Stored entries
^^^^
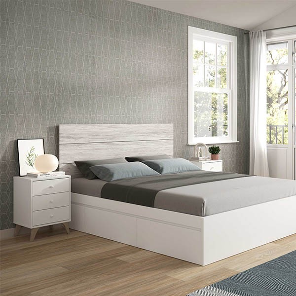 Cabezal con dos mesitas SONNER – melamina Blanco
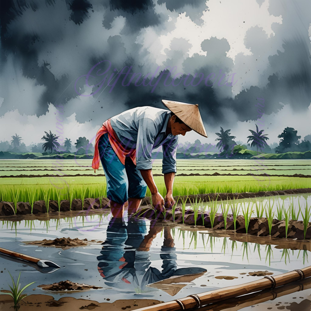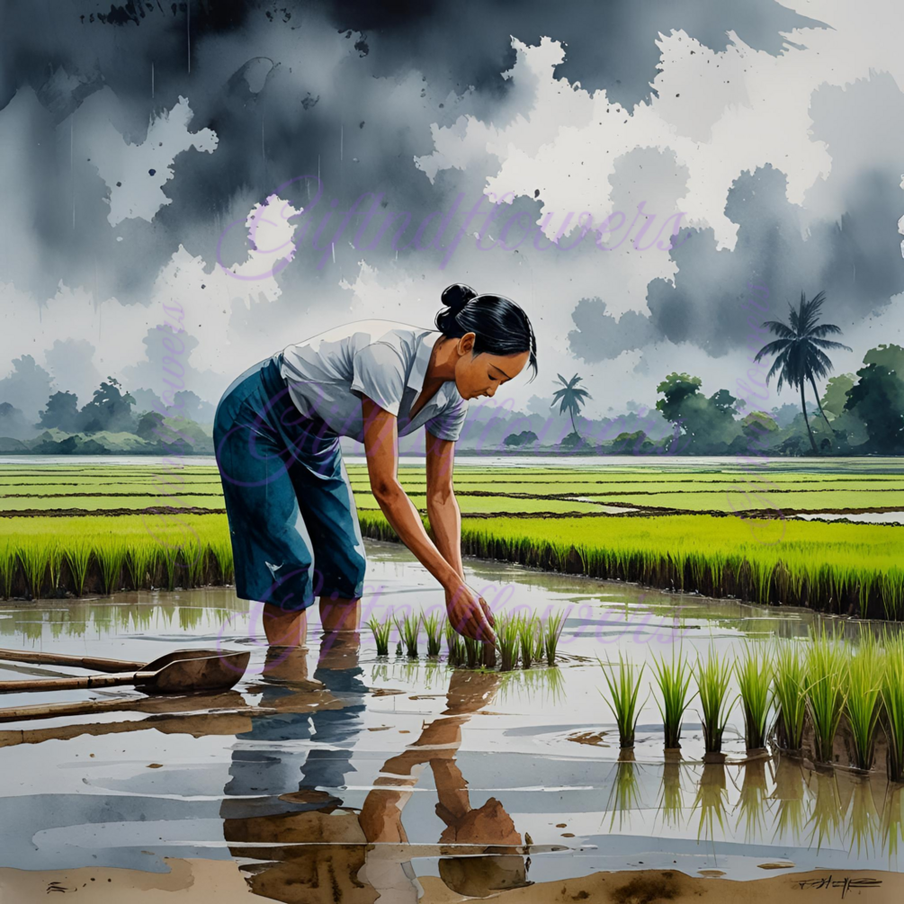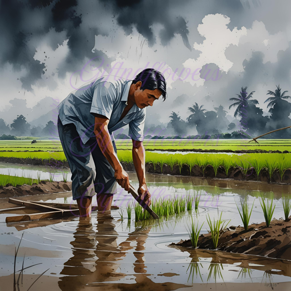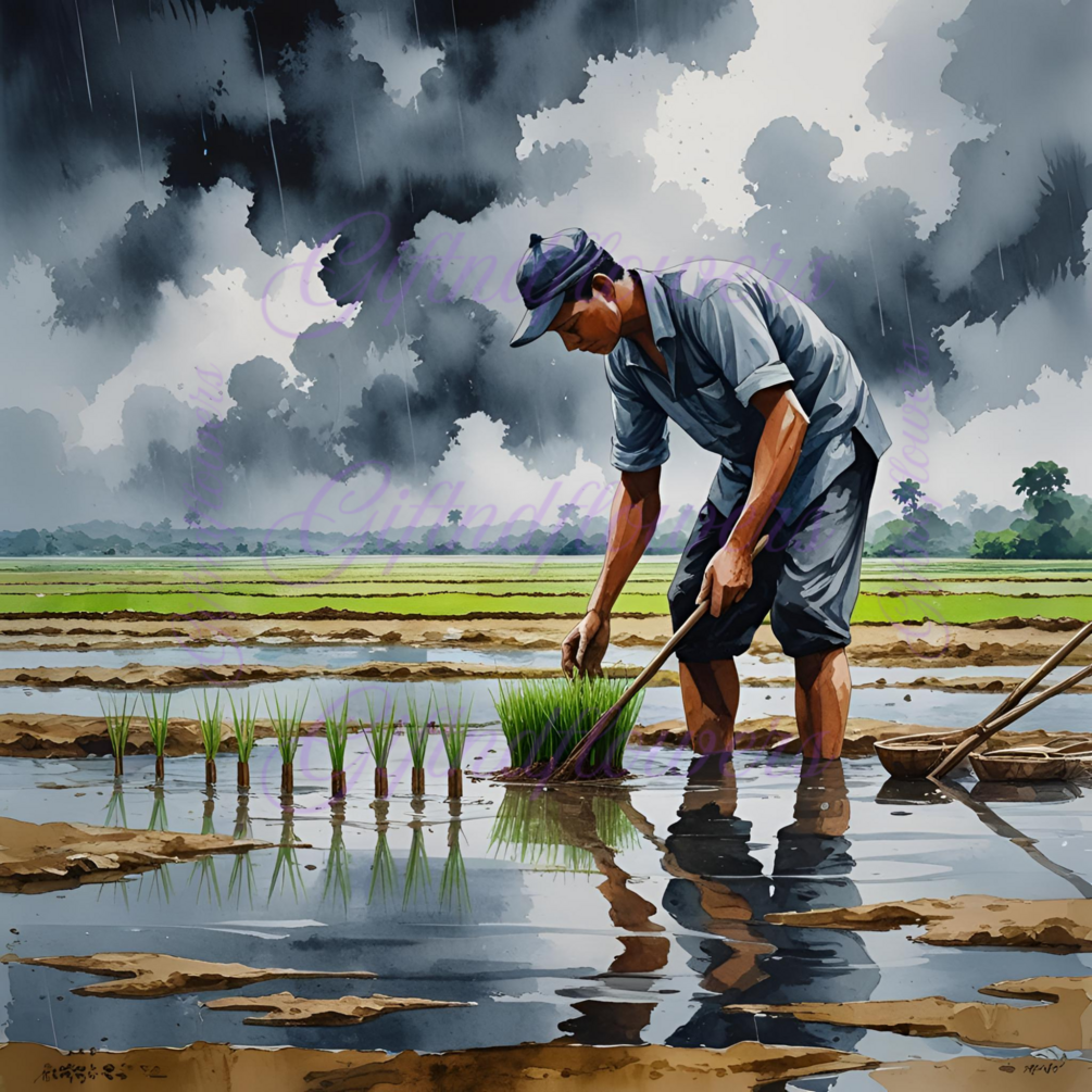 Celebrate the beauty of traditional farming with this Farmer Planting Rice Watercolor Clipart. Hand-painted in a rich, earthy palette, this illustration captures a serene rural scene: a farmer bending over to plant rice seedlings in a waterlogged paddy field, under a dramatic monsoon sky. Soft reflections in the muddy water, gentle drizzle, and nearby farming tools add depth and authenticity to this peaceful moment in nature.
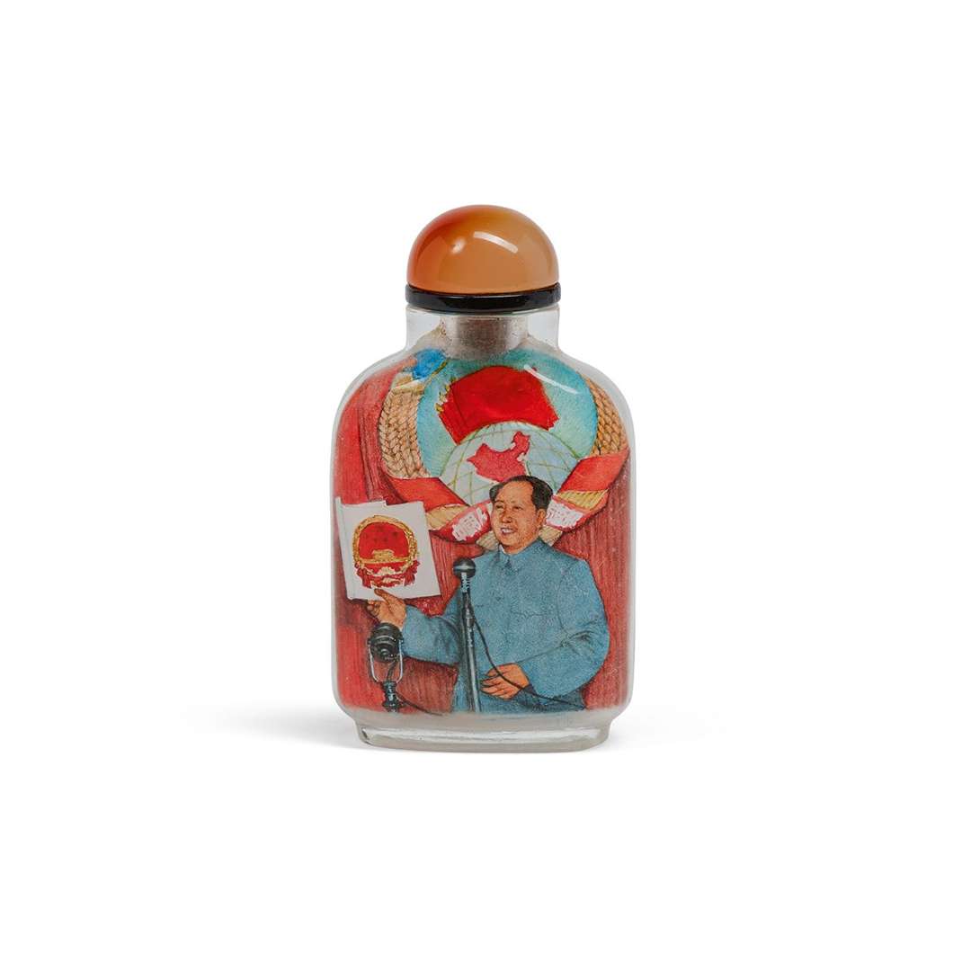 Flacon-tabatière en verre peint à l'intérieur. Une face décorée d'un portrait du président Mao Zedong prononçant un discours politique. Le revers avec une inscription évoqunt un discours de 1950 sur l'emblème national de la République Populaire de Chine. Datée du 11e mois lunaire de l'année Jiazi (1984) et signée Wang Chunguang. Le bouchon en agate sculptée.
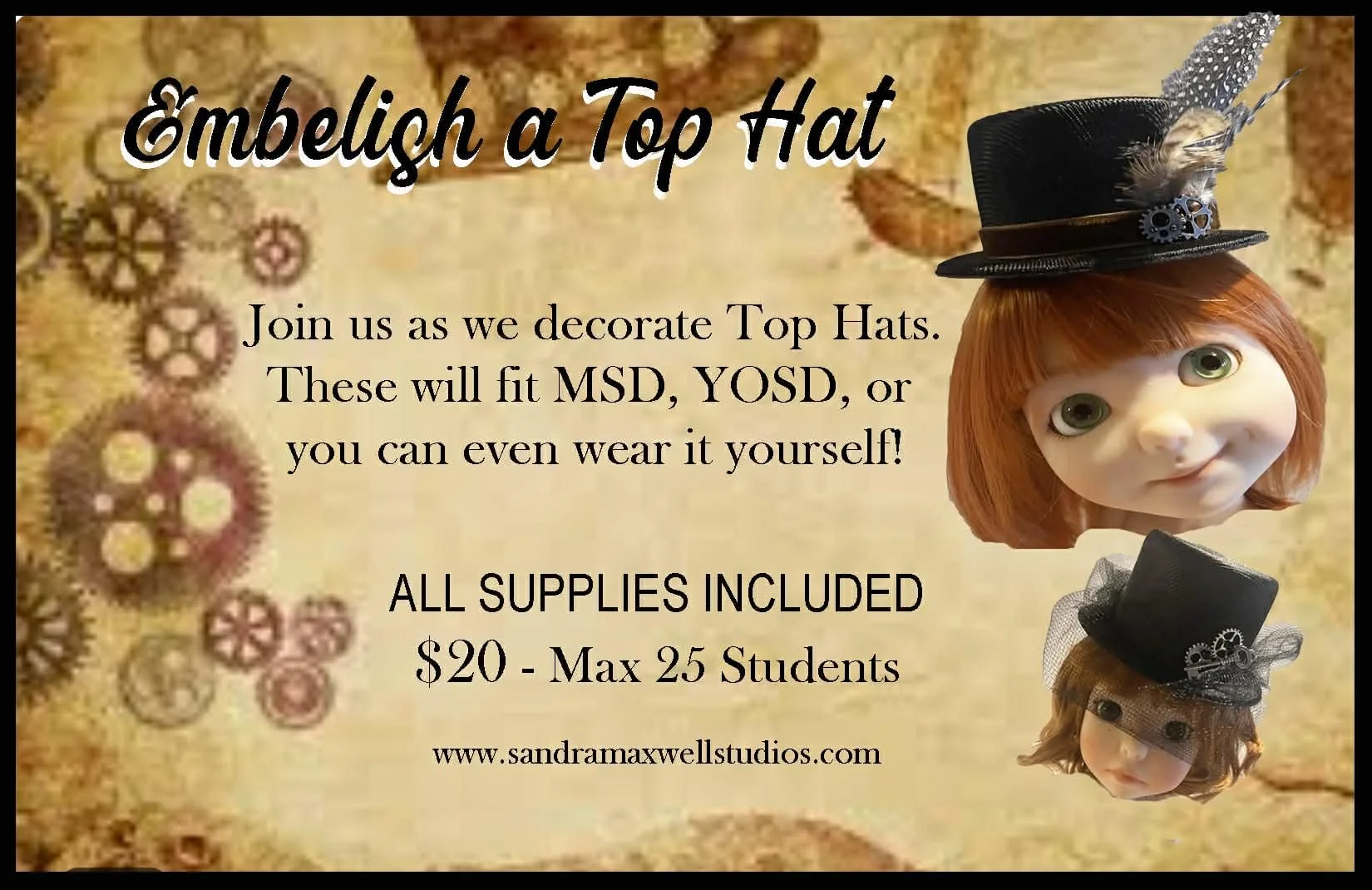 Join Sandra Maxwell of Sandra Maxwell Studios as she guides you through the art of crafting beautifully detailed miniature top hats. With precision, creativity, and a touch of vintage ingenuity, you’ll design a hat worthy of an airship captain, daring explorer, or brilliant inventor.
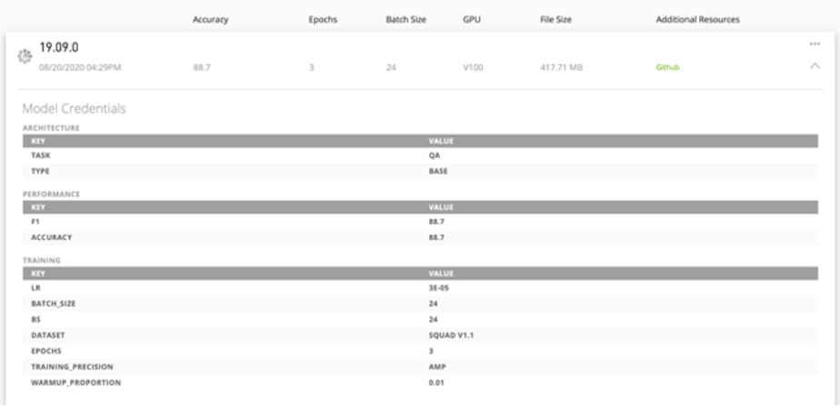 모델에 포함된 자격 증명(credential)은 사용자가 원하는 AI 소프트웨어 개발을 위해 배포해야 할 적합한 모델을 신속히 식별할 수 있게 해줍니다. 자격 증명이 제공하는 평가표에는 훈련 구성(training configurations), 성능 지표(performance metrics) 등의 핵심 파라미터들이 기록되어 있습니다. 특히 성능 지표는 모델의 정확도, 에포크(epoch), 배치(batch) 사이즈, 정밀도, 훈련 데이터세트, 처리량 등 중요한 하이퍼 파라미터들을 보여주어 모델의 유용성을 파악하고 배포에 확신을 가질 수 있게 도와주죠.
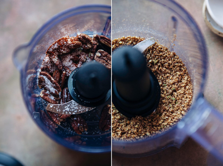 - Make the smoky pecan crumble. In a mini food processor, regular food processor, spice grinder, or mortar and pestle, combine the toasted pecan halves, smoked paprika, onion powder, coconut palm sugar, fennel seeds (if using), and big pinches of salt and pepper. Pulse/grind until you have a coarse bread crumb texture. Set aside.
^^^^
◆ WHAT THIS TASK INVOLVES ◆
Without any picture, return exactly the lines of the records above from the first through the line that contains "Join Sandra Maxwell".

◆ SOLUTION TO THIS PROBLEM ◆
 Cabezal con dos mesitas SONNER – melamina Blanco
 Celebrate the beauty of traditional farming with this Farmer Planting Rice Watercolor Clipart. Hand-painted in a rich, earthy palette, this illustration captures a serene rural scene: a farmer bending over to plant rice seedlings in a waterlogged paddy field, under a dramatic monsoon sky. Soft reflections in the muddy water, gentle drizzle, and nearby farming tools add depth and authenticity to this peaceful moment in nature.
 Flacon-tabatière en verre peint à l'intérieur. Une face décorée d'un portrait du président Mao Zedong prononçant un discours politique. Le revers avec une inscription évoqunt un discours de 1950 sur l'emblème national de la République Populaire de Chine. Datée du 11e mois lunaire de l'année Jiazi (1984) et signée Wang Chunguang. Le bouchon en agate sculptée.
 Join Sandra Maxwell of Sandra Maxwell Studios as she guides you through the art of crafting beautifully detailed miniature top hats. With precision, creativity, and a touch of vintage ingenuity, you’ll design a hat worthy of an airship captain, daring explorer, or brilliant inventor.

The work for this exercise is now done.